Personne ne souhaite prendre le train, personne ne descend jamais. Personne ne le craint non plus. Prendre le train est dans l’ordre des choses. Personne ne semble s’inquiéter de la destination. Elle, elle voulait bien savoir où il va. Personne ne sait combien elle s’ennuie.

Un jour, elle trouve une paire de chaussures rouges. Ne me demandez pas comment, c’est de la magie. Parfois, elle se dit que dans ce monde il suffit de vouloir assez fort.

Elle attend que quelqu’un d’autre soit atteint par la marque pour les enfiler, elle n’est pas sûre que le train vienne dans le cas contraire. Personne ne sait pas ce qui fait venir le train.

On fait une grande fête en leur honneur, Mariella et elle. Les anciens viennent la congratuler, on dirait qu’ils la voient pour la première fois.

Le lendemain le train entre dans la grande place, étincelant et effilé, le village semble un décor de toile peint et les villageois des silhouettes de carton-pâte, ils leurs disent au revoir avec un sourire vide, comme s’ils ignoraient qu’ils ne les reverraient sans doute jamais – le train ne circule que dans un sens.
Les vigilants la laissent passer sans un battement de cils. Les talons rouges préservent l’illusion.
Les portes se referment, l’extérieur n’est qu’un grand linceul blanc. Les éclairages artificiels du train remplacent le ciel.

Les deux filles échangent un signe de tête et elles se séparent, le train se met en branle. Le paysage s’effiloche. Les autres passagers sont comme absents et elle, elle ne peut pas, c’est comme si sa vie venait de commencer.

D’abord une forêt. Elle n’a jamais traversé de forêt, personne ne quitte jamais le village. Elle ne sait pas pourquoi. Sans doute personne n’y a jamais pensé.

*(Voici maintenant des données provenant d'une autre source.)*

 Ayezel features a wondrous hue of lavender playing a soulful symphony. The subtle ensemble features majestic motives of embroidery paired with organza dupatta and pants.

Brusquement la forêt s’efface et le train entre en gare. Fuselage en béton et lignes métalliques. Chez elle, le métal ne sert qu’à quelques outils.
Des automates gardent les portes de l’extérieur, le train avale sa ration de voyageurs, harmonie blanche et rouge.
Des tunnels. Alternance de noir et d’éclats de paysages : sable, béton, verre, glace, nuage… Elle s’émerveille du tunnel transparent qui mène à Atlantide. Mais personne d’autre ne semble sensible aux charmes de la vie subaquatique.

Soudain le train émerge du tunnel et traverse brièvement la lande, paysage de carte postale, clochers en arrière-plan.
Le train s’élance sur un grand pont, tendu au dessus du gouffre, la mer s’étend à perte de vue. La paroi opposée vers laquelle le train se jete est invisible. Les voyageurs sortent de leur léthargie, doucement ils s’animent. Le train est suspendu au-dessus de l’eau. Grand flash de lumière.

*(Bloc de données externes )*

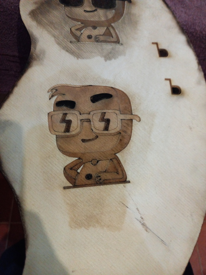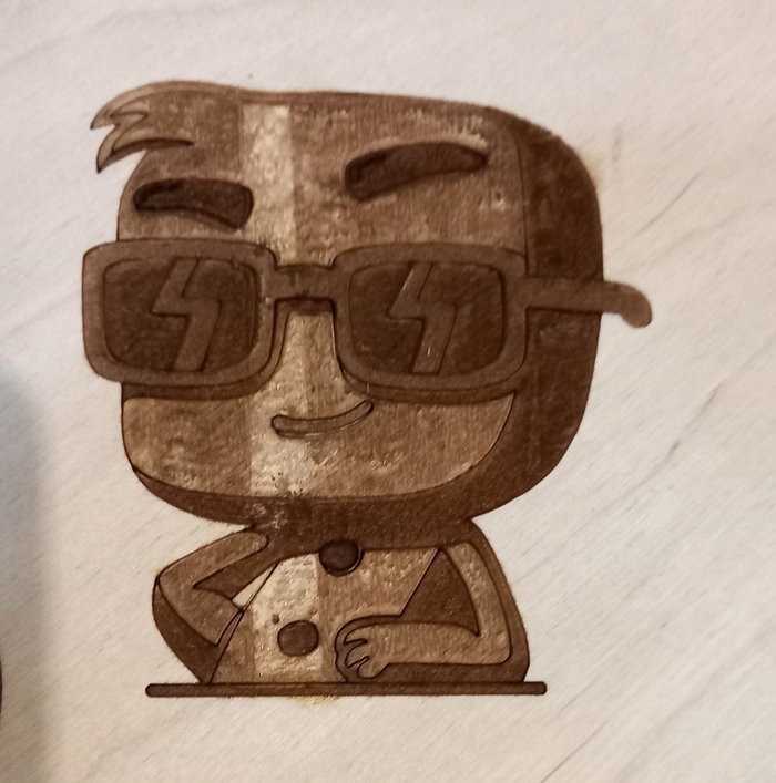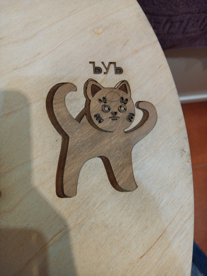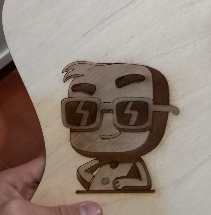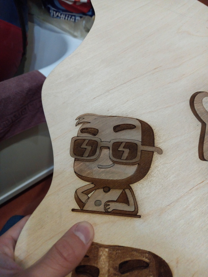 На второй день бог создал...Нет, на утро я включил лазер, загрузил макет и начал танцы с бубном вокруг LaserCut`a с настройкой режимов гравировки и прочими ништяками, так как, повторюсь, с этим оборудованием я в основном на "Вы" и изредка на "Р̶а̶б̶о̶т̶а̶й̶ ̶с̶у̶к̶а̶,̶ ̶п̶о̶ч̶е̶м̶у̶ ̶о̶н̶о̶ ̶н̶е̶ ̶р̶а̶б̶о̶т̶а̶е̶т̶" "ты". Особо интересного показать там нечего, тыкаешь разные мощности, скорость регулируешь, материшься, переделываешься, и так пока не получится что-то похожее на правду.

Le village. Ses chaussures, comme le reste de ses vêtements, sont blanc aseptisés. Les villageois passent sans la regarder, un garçon de ferme place d’autorité un seau entre ses mains, le village a besoin d’eau. Comme si elle n’était jamais partie.

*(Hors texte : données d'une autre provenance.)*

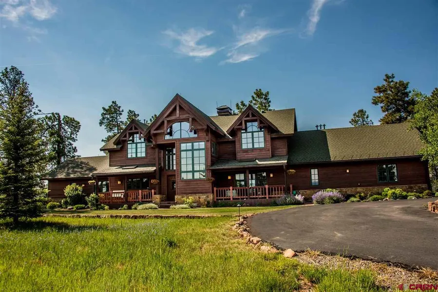 This stunning custom Timber Frame home with stunning San Juan Mtn views lies on 57 beautiful gated acres in Echo Canyon Ranch. This 4,286 sq. ft. masterpiece offers 4 bedrooms and 3.5 baths, plus 2 private offices. The newly renovated main level master bedroom/bath offers a private seating area, tiled floor, walk-in shower, Kohler soaking tub, large double sink vanity with separate make-up mirror and private french doors leading to exterior Hot Tub and Sauna. The open floor plan is showcased by hardwood floors and exposed reclaimed 1800s era trusses from an old airplane parts warehouse, while the floor-to-ceiling Moss rock fireplace anchors the Great Room. The gourmet kitchen is ideal for a gathering, with a butcher block island and rustic family sized dining table, as is the Copper Top Bar. The home also features a climate controlled wine cellar, Sauna, Hot Tub and 8-zone radiant in-flo...

Elle laisse tomber le seau et court vers la forêt, parallèlement à la ligne de chemin de fer qui transperce le village.
Elle marche longtemps. La forêt est opaque et un peu moite. Le sol semble s’étendre sous ses pas à l’infini, la forêt est muette, comme retenant son souffle, aucun animal ne croise sa route. Peut-être que ce n’est pas une vraie forêt, ça ne peut pas être une vraie forêt. Elle fatigue, ses sandales ne sont pas faites pour une telle marche mais elle veut aller au bout. Au bout de la forêt, au bout du monde. Mais les arbres semblent décidés à ne pas s’écarter, ils font front, un bloc compact qui n’en finit pas de s’étendre.
Elle finit par revenir sur ses pas, le village apparait à la lisière des bois en quelques instants. Pourtant elle est sûre de ne pas avoir changé de trajectoire, elle est sûre de ne pas s’être perdue. Le village la tient prisonnière.

Le village n’a pas changé, le village ne changera jamais. Elle est à nouveau prise au piège. Elle imagine qu’elle n’a plus qu’à attendre son tour. Pour aller au bout du voyage.
Par joris le Jeudi 18 février 2010 à 16:45
hum.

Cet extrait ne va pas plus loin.